Hospitals

Columbus company to develop new cancer-cell collector for research

PreCelleon, which is based in Columbus, will use cell-separation technology licensed from Ohio State University and Cleveland Clinic. Cancerous cells would be tagged, separated and gathered for further research in a more effective way than current approaches.

Image via Wikipedia

COLUMBUS, Ohio — A new company will develop a scientific tool to collect more cancerous cells for research, which could also potentially gauge the severity of cancer in a body.

PreCelleon, based in Columbus, will use cell-separation technology licensed from Ohio State University and Cleveland Clinic. The deal is a significant one for Ohio State in part because it has struggled to license its innovations compared to schools with similar resources. But it has made new efforts recently to improve commercialization.

“We’re trying to identify and move forward to allow us to be a stronger player in the bioscience realm, and that includes medical devices and pharmaceuticals and across the whole gamut of life sciences,” said Ryan Zinn, a senior technology licensing associate in Ohio State’s department for technology licensing & commercialization.

Terms of the licensing agreement were not disclosed.

The technology is based off research from Ohio State’s Jeffrey Chalmers and Cleveland Clinic’s Maciej Zborowski. Cancerous cells would be tagged, separated and gathered for further research in a more effective way than current approaches, Chalmers said. Plus, the tool can tell how many circulating tumor cells are in a blood sample, results which researchers can use to decide how to treat a cancer patient. Chalmers also said the technology could be developed further to identify the type of cancer in the blood.

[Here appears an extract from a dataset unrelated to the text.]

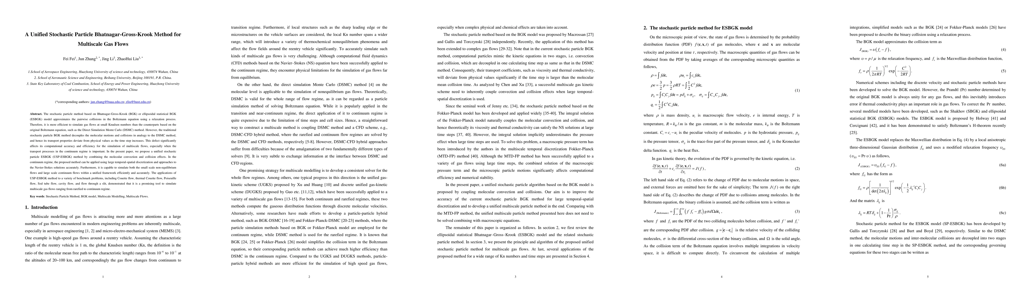 This paper proposes a unified stochastic particle ESBGK (USP-ESBGK) method that combines molecular convection and collision effects to simulate multiscale gas flows efficiently. The method accurately approaches Navier-Stokes solutions in the continuum regime and effectively handles both small-scale non-equilibrium and large-scale continuum flows within a single framework.

The advancement is meant to provide details to more accurately predict the future and prescribe treatments, Tom Ward, PreCelleon’s president, stated in a press release. Ward is also the president of Ward Engineering, which designs, develops and manufactures medical devices. Both companies are housed at the same location in Columbus, and the innovations licensed by OSU and the Clinic will be incorporated into test equipment there.

The research and now development for this device is funded by a state Third Frontier grant, which will now fund market research, lab setup, testing and building a working model of the device.